Mumbai The Monetary Policy Committee of the Reserve Bank (RBI) i.e. MPC is being held from today to 6 August. This meeting of MPC is eyeing the loan ie loan. MPC had earlier reduced the repo rate. Due to which EMI on loan was reduced. Now the borrowers are hopeful that the repo rate can be reduced further in the MPC meeting of RBI. If the RBI decides to reduce the repo rate in the MPC meeting, then the EMI of those taking loans will be less and they will get great relief.
RBI Governor Sanjay Malhotra will inform about the decision of the MPC meeting on August 6.

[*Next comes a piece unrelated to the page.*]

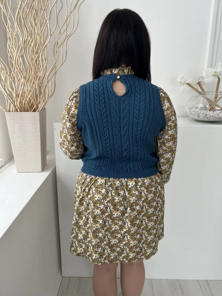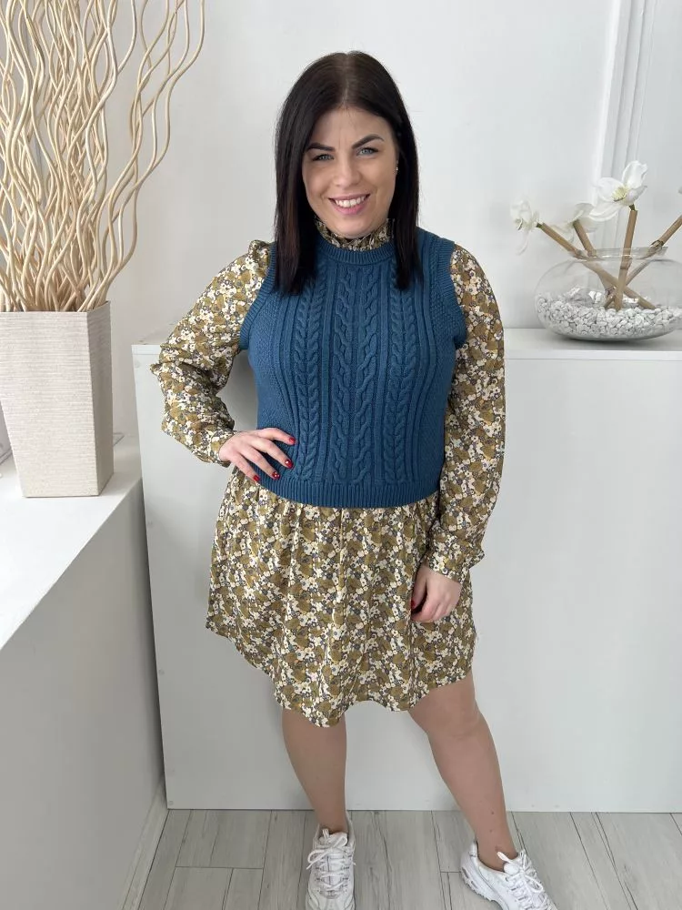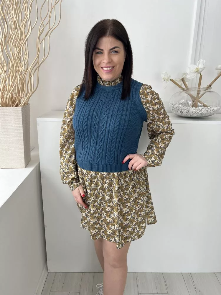 Next (M) Khaki-Kék Fehér Apró Virágos, Mellnél Kötött Betétes Hátul Nyakban Gombos Ruha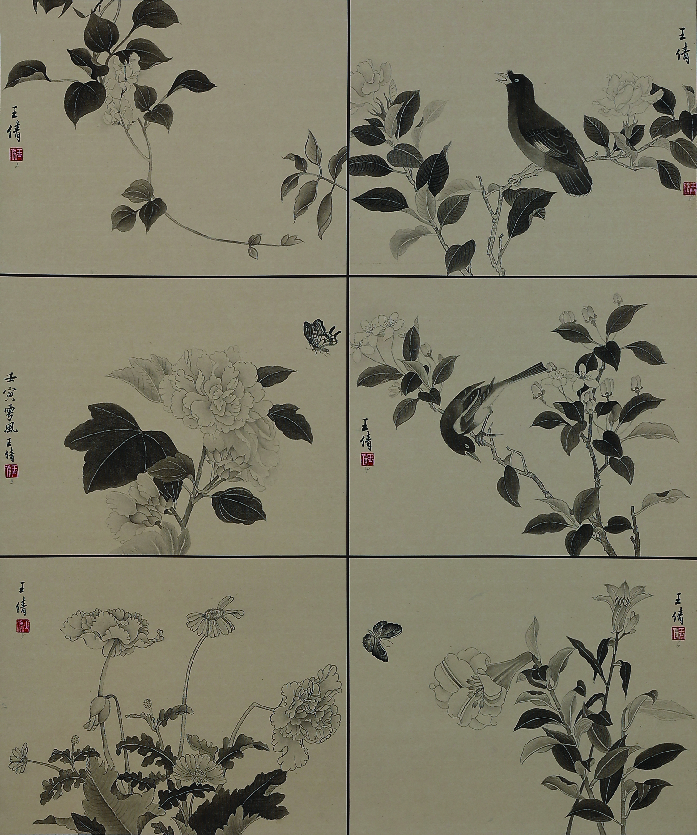 The whole piece imitates the way of landscape painting in the works of the Yuan dynasty and consists of six small paintings. The work uses the traditional brushwork of Peima Cun, interspersed with water colours.It is first chapped and then dyed, using ink to divide the structure of the rocks and green to enrich the texture. It is intended to express the dynamic sense of haloing and change in the simple and naïve bushworks, and to create a soul of beauty and spirituality in the quietness of the mood.

There is a possibility of reducing the repo rate from RBI. The reason for this is that in June, the CPI rate had come down to 2.1 percent in June. This is quite low since 2019. In 2026, the CPI has estimated the rate of an average of 3.1 percent on an average. At the same time, the rate of inflation is estimated to be 4.5 percent in 2027. The RBI and the central government have already decided that the rate of inflation has to be kept up to 4 percent. Its maximum rate of 6 percent has been valid. RBI tries to control inflation by increasing the repo rate due to higher rates.
Inflation had increased continuously since the deepening of Kovid and India-China border disputes. Because of this, the RBI had maintained the repo rate for 6.5 percent for a long time. This increased the EMI of the loan as well as the interest rate on fixed deposits (FD) was also increased by banks. Last time the RBI reduced the repo rate, then the interest rates of FD also decreased. If then the repo rate decreases, then the loans will get relief in EMI, but those who get FD in banks will get another shock. In such a situation, even if the RBI decides to reduce the repo rate, it is unlikely to be cut a lot.